Is there a better technique to avoid this repetition of database call? I'm using Entity Framework, so it will take no time to call the DB as it has the result in cache already, but ... just to know if there is a better technique now in MVC3 rather that host the variables in a Session Variable

sample code

public class MyController : MainController
{
    public ActionResult Index()
    {
        return View();
    }
}


public class MainController : Controller
{

   public OS_Clients currentClient { get; set; }

   protected override void Initialize(System.Web.Routing.RequestContext requestContext)
   {
        // get URL Info
        string url = requestContext.HttpContext.Request.Url.AbsoluteUri;
        string action = requestContext.RouteData.GetRequiredString("action");
        string controller = requestContext.RouteData.Get开发者_开发问答RequiredString("controller");
        object _clientUrl = requestContext.RouteData.Values["cliurl"];

        if (_clientUrl != null && _clientUrl.ToString() != "none")
        {
            // Fill up variables
            this.currrentClient = db.FindClientById(_clientUrl.ToString());
       }

        base.Initialize(requestContext);
    }

    protected override void OnActionExecuting(ActionExecutingContext filterContext)
    {
        // based on client and other variables, redirect to Disable or Login Actions
        // ... more code here like:

        //  filterContext.Result = RedirectToAction("Login", "My");

        base.OnActionExecuting(filterContext);
    }
}

is it still best to do as:

public OS_Clients currentClient { 

    get {
        OS_Clients _currentClient = null;

        if (Session["CurrentClient"] != null)
            _currentClient = (OS_Clients)Session["CurrentClient"];

        return _currentClient;
    }

    set { 
        Session["CurrentClient"] = value; 
    }
}


It seems that you dealing with application security in that case I would suggest to create Authorization filter, which comes much early into the action. You can put your permission checking code over there and the framework will automatically redirect the user to login page if the permission does not meet AuthorizeCore.

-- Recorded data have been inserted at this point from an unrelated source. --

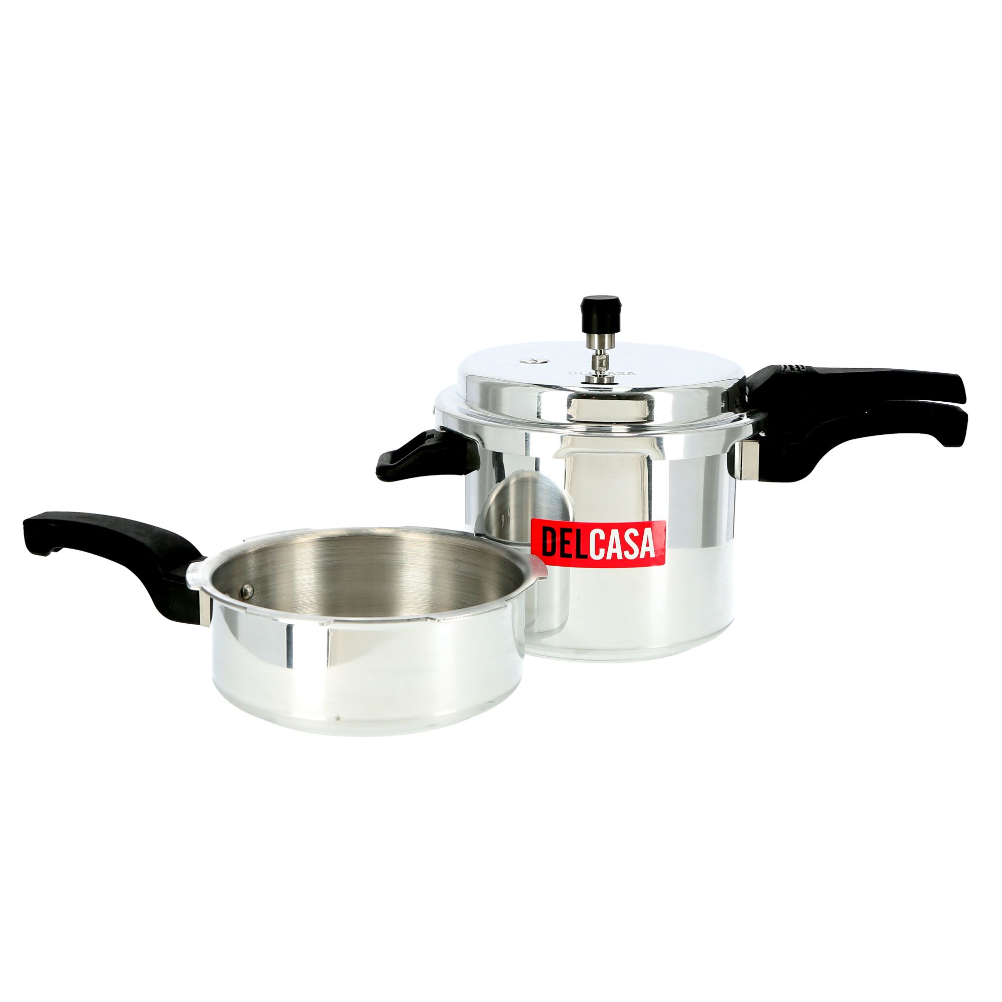Delcasa DC1124 5L+3L Aluminium Pressure Cooker Combo with Common Lid - Healthier Cooking in no time, suitable for everyday use. Pressure cooking is a quick, healthy, and more effective way of cooking food. Pressure cooking not only saves energy and time due to faster cooking periods but helps food retain more nutrients for healthier, tastier results. Cook meals in this all-in-one versatile piece of cookware and enjoy a cooler kitchen with less washing up to do after eating. Suitable for everyday use, this 5-liter/3-liter pressure cooker tough and is ideal for cooking gorgeous meals from scratch for the whole family when you are short of time. Brown, boil, steam, braise, stew, and roast, this pressure cooker is ideal for meats, fish, vegetables, and grains. Whether it's a hearty stew, spicy chili, or a succulent joint of roasted meat in as little as 30-40 minutes, pressure cooking offers the ultimate in fuss-free, one-pot cooking. A aluminium and three-ply compacting welding base suitable for all hobs including gas, electric, halogen, and ceramic hobs ensure optimum heat distribution allowing you brown, boil, steam, braise, stew, and roast in one pot, making the pressure cooker versatile cooking essential. Featuring an easy to clean pot, a simple hand wash is all that is required to keep the pressure cooker in perfect condition.
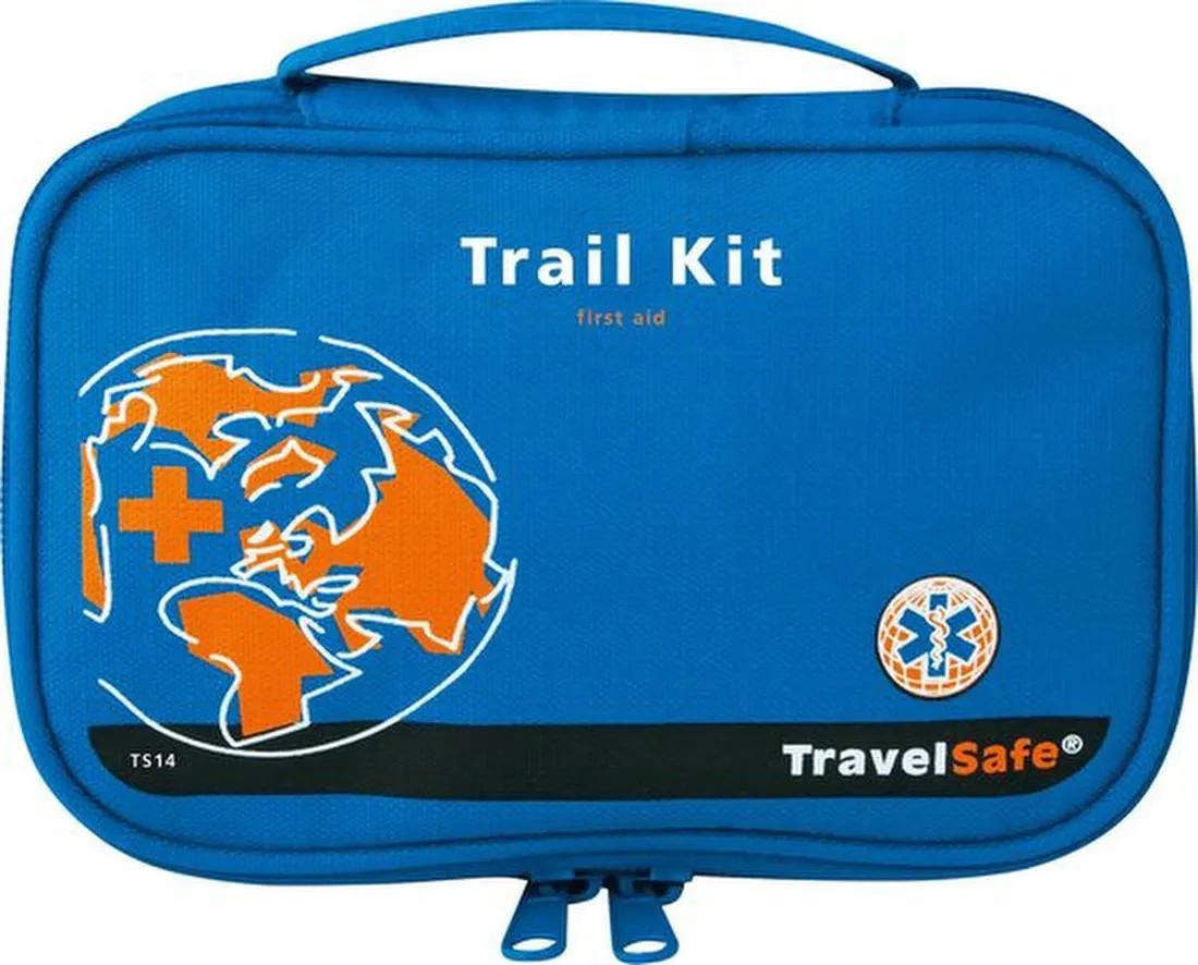 Compacte Travelsafe Trail Kit met 24 essentiële EHBO-artikelen. Licht, stevig en eenvoudig te bevestigen aan rugzak of riem. Ideaal voor wandelaars, hikers en backpackers die onderweg voorbereid willen zijn op kleine verwondingen.
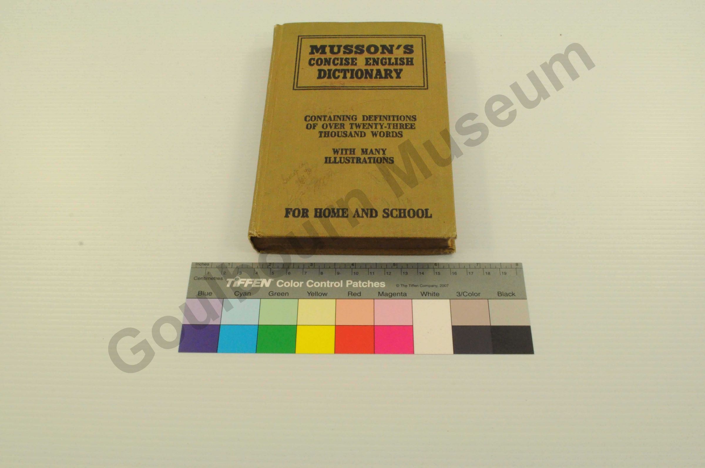 The book is a light brown or tan colour. The title of the book is in a rectangular black box which consists of two lines. The writing is in black ink. There is some type of colourant or crayon written in below each word of the title, as if underlining the words, and is a pink/red colour. The top of the front cover reads "Musson's Concise English Dictionary" followed by "Containing Definitions of Over Twenty-Three Thousand Words, With Many Illustrations" and at the very bottom of the front cover "For Home and School". The spine of the book reads "Musson's Concise English Dictionary" The reverse of the book has no words, or design.Context
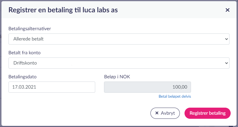Hvis du har betalt en regning fra nettbanken din (ikke gjennom bankintegrasjonen), må du huske å registrere at den er betalt også i regnskapssystemet.

Next, if the user has permission you can use the HttpContext.Items as a request level cache. And then you can create another ActionFilter and in action executing or you can use the base controller to get the user from the Httpcontext.items and assign it to controller property.

If you are using asp.net mvc 3 then you can use the GlobalFilters to register the above mentioned filters instead of decorating each controller.

Hope that helps.


In your base controller, you need to cache the result of the first call in a Session variable.

This makes sure the back-end (DB) is not called unnecessarily, and that the data is bound to the user's Session instead of shared across users, as would be the case with the Application Cache.